2010-12-20 22:18:16 | 西天竜

 『西天竜史』(西天竜土地改良区)において幹線導水路の工事について次のように記している。「大正十一年十一月起工式を挙げ、昭和三年十一月に竣工した。延長は六里二十四丁三十六間六分で、取入口より小沢川放水ロに至っている」と。7年という短期間に造られたわけであるが、換算距離は約26,247メートルになる。ここで示している「丁」は「町」のことになるが、「分」という表示が今ひとつ解らない。尺貫法によれば間の下の単位は尺にあたるが、本書では延長について「尺」で表示された部分はない。「1分」についてはメートルに換算すると尺・寸より下にあたる3.03mmになるが、どうもここでいう「分」はこの「分」ではないようだ。読み替えて「歩」としたとしても1歩は6尺、あるいは8尺と言われていて、1間が6尺であるところからどう考えてみても「歩」を表しているわけでもなさそう。ということでとりあえずここでは「分」を切り捨てて話を進める。

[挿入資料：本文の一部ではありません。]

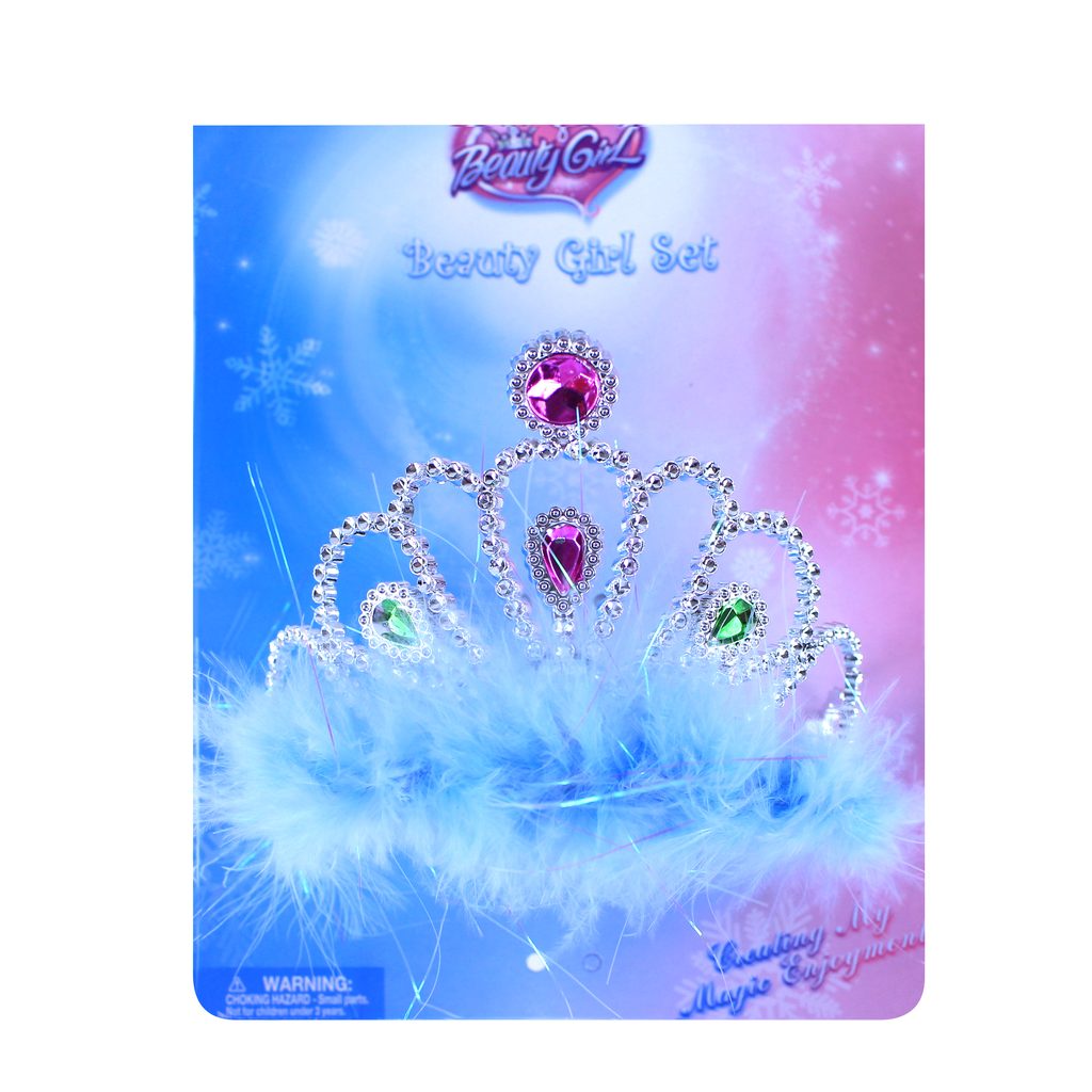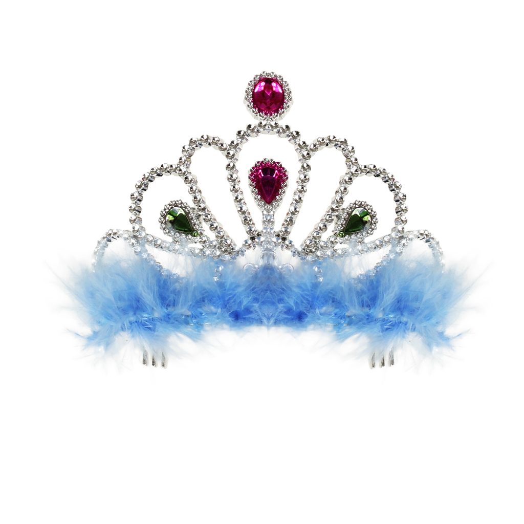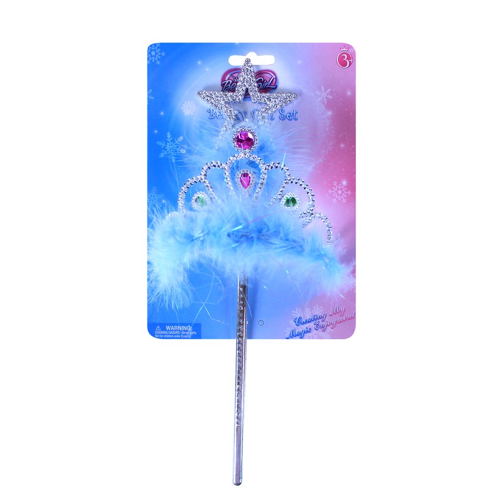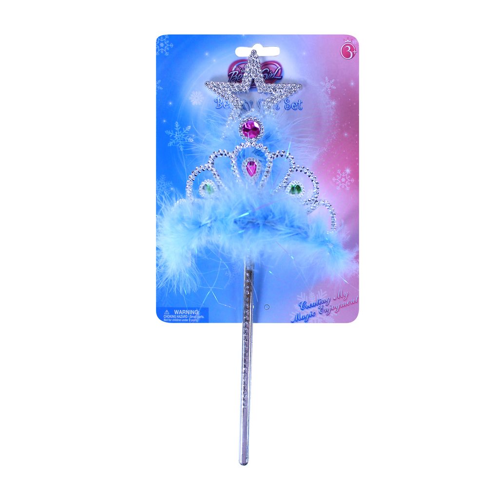 Sada pro sněhové princezny. Korunka je zdobena modrými prvky a společně s hůlkou je dekorována blankytně modrým peřím. Perfektní doplňky ke kostýmu sněhové princezny!
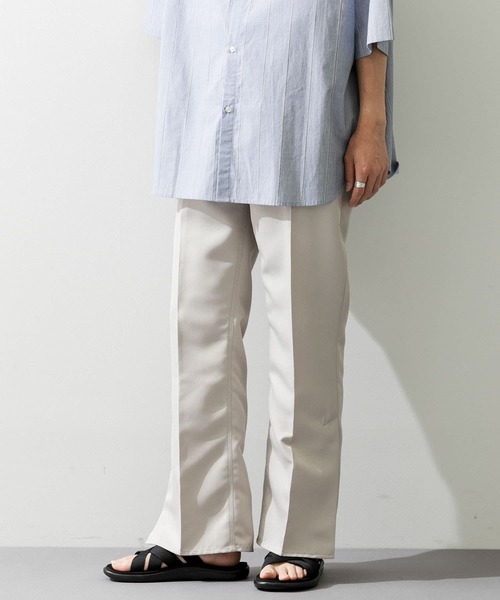 欲しいが形に!人気スタッフ『わたべ』が企画したアイテム!センタープレスの入った美シルエットスタプレ系パンツの進化系 スリット入りパンツ○セットアップでワンランクアップのおしゃれ上級者に○今季1推しのグリーンも展開!わたべコメント鮮度のあるアイテムのため、どんなスタイルに合わせてもトレンドライクなスタイルに仕上がります。美シルエットでタックインスタイルで足長効果も期待でき、レングスが少しシューズにかかるくらいでスリットやフレア感をきれいに出すことが出来ます。ベストやジャケット等モードな印象のスタイリングとの相性が抜群です。STAFF STYLINGinstagramWEARmaterialハリ感と落ち感がありシワになりづらい生地を使用しております。【シリーズアイテム】AA24-17A009 1st type Gジャン(セットアップ対応)AA24-14A011 センタープレスストレートパンツAA24-12A014 ストレッチVネックベスト※商品画像は、光の当たり具合やパソコンなどの閲覧環境により、実際の色味と異なって見える場合がございます。予めご了承ください。※商品の色味の目安は、商品単体の画像をご参照ください。▼お気に入り登録のおすすめ▼お気に入り登録商品は、マイページにて現在の価格情報や在庫状況の確認が可能です。お買い物リストの管理に是非ご利用下さい。-----------------------------透け感:なし伸縮性:なし裏地:なし光沢:ややありポケット:あり-----------------------------
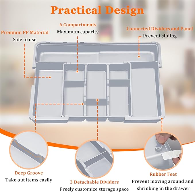 - Premium Food Grade Material: Our utensil drawer organizer is made of thick and sturdy food-grade PP material, ensuring long-lasting use. It is also BPA-free, keeping your kitchen utensils safe for your family’s health.Cleaning is a breeze – simply rinse with water or wipe clean with a cloth to remove stains. Avoid using a dishwasher.

 幹線導水路は上流側から工事が進められた。5期に分けられた工事のうち第1期工事は取水口より現在の辰野町横川川を横断するサイフォン出口までをいい、大正11年11月に始まり、同14年6月に竣工している。取水工とともに、山峡に導水路を設ける工事だったということもあって、期間はもちろんのこと工事費も最もかかった区間である。以前現在も残る水路橋のことを記したが、80年以上も前の施設がなぜそのまま残っているかというと、新たに隧道を新設したりしたため、旧施設を取り壊す必要が無かったという理由がある。とくに第1期工事で造られた施設は、当初は天竜川に沿って山腹を蛇行しながら造られた開渠であった。最も時代も古く、そして条件が悪かったということも手伝ったのだろう、造成後まもなく漏水などの問題が浮上したようだ。古い新聞の記事を見ると、露出した水路橋からの漏水によって巨大な氷柱が写っている写真も見受けられる。これを県営事業として隧道化する工事が立ち上げられたのは昭和17年のこと。事業概要には事業を必要とした理由について次のように書かれている。「開渠はコンクリートとの側壁がうすく地盤に盛り土の所が多く、又コンクリート工事の草創時代の構築であったため、施工上にも多少適正でなかった点があり、冬期零下二十度余に降下するので、寒気と凍結によってコンクリートに亀裂が生じて、鉄筋は殆んど腐食切断され、七回も決壊したりした」とある。とはいえ、この県営事業による以前にも災害復旧という形でそれこそ戦時中に隧道化の工事が行われていた。そのいっぽう県営事業は戦禍が激しくなり、実質的には戦後になってから隧道化が進められることになる。取水後天竜川の左岸を流れた幹線導水路は、天竜川を渡るとそこから下辰野まで延々と山腹を流れていた。天竜川横断から下辰野までの山腹には、かつての水路の姿があちこちに見ることができる。写真の施設はホタルで有名な松尾峡のすぐ直上に残るものである。ここから現在の松ケ丘団地の道路下を流れて法雲寺裏の隧道へとつなげられていた。山腹の土留工のような機能を有すこれらの残影は、戦渦に見舞われる直前に災害復旧で隧道が完成することによって生まれたのである。ちなみに松尾峡から伊那大沢までの山の尾にはこの残影が見えない。なぜならば山の尾は最も被災が頻発した部分だったようだ。ようはあらかた旧水路は崩壊してしまったり埋没してしまったというわけである。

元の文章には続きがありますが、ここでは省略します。